§ ASSIGNED TASK
As output, give the exact lines from the one containing "The cover features" through the end of the listing below, both included, without the pictures.

§ INFORMATION PROVIDED
________________________________________

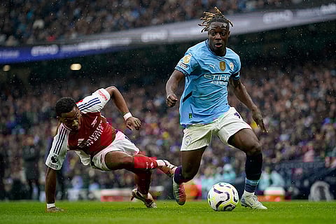 Manchester City's Jeremy Doku gets away from Arsenal's Jurrien Timber during the English Premier League soccer match between Manchester City and Arsenal at the Etihad stadium in Manchester, England.
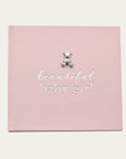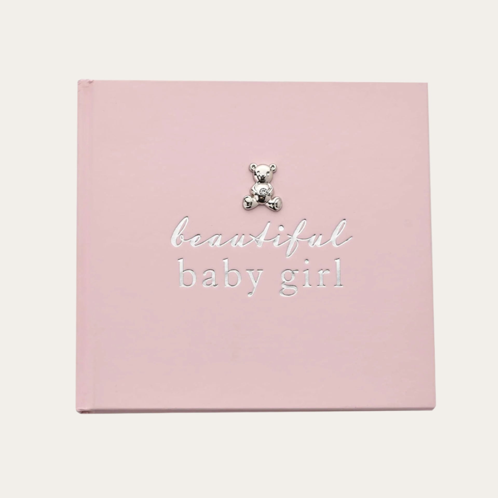 The cover features a ‘Beautiful Baby Girl’ decal in silver foil debossed lettering, while the matching, silver teddy icon with clear set crystal complements it perfectly.
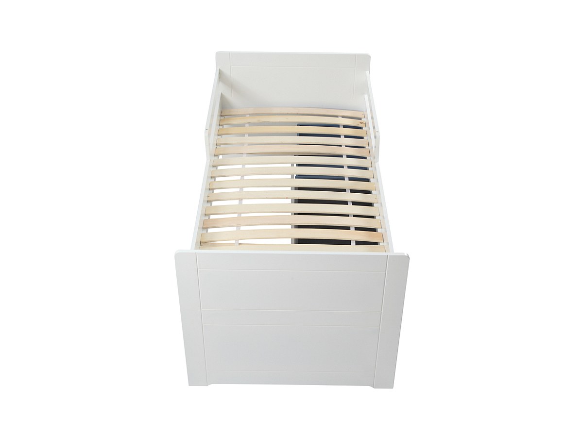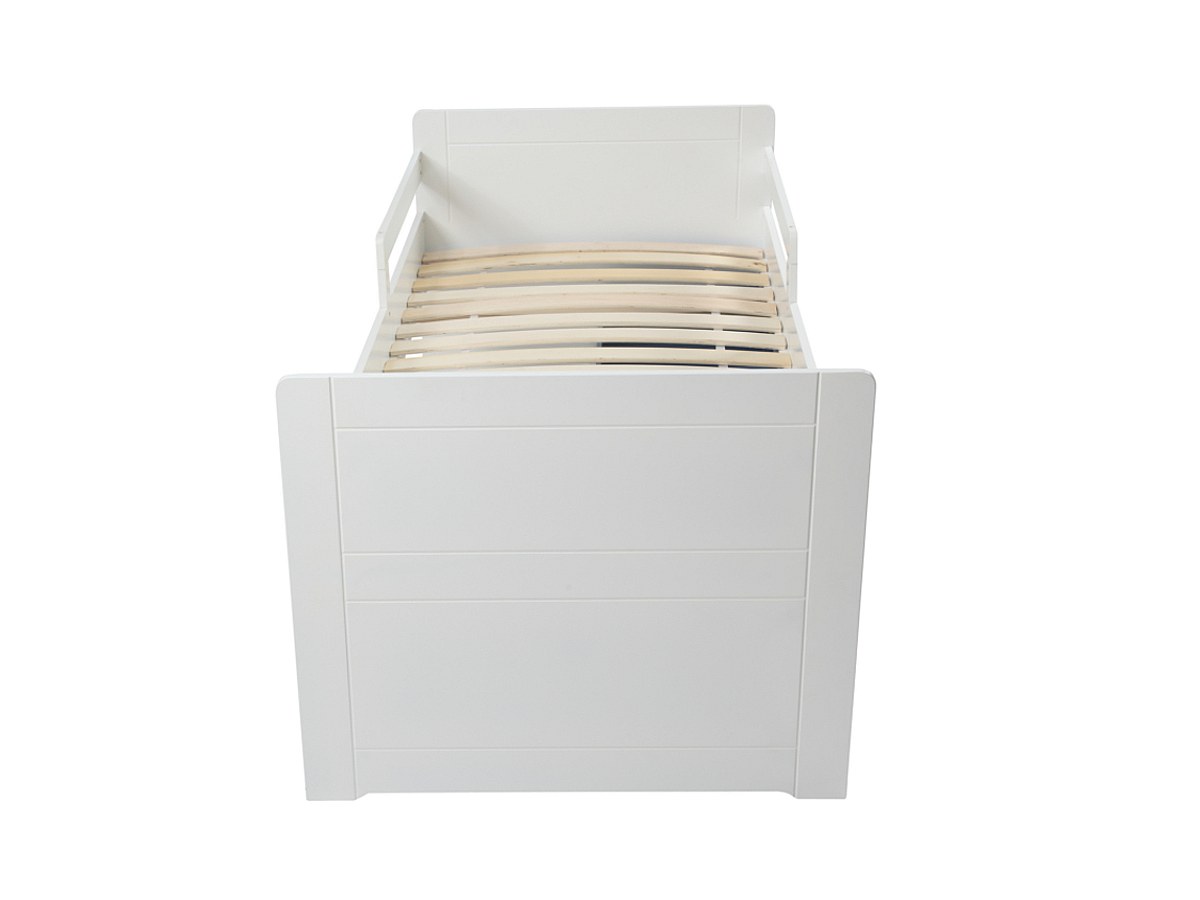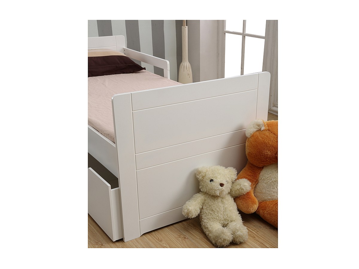 Uw kind zal heerlijk rustig slapen in dit bed met 3 grote laden en veiligheidshekjes in zachte kleuren.

________________________________________

§ RESULT OF THIS TASK
 The cover features a ‘Beautiful Baby Girl’ decal in silver foil debossed lettering, while the matching, silver teddy icon with clear set crystal complements it perfectly.
 Uw kind zal heerlijk rustig slapen in dit bed met 3 grote laden en veiligheidshekjes in zachte kleuren.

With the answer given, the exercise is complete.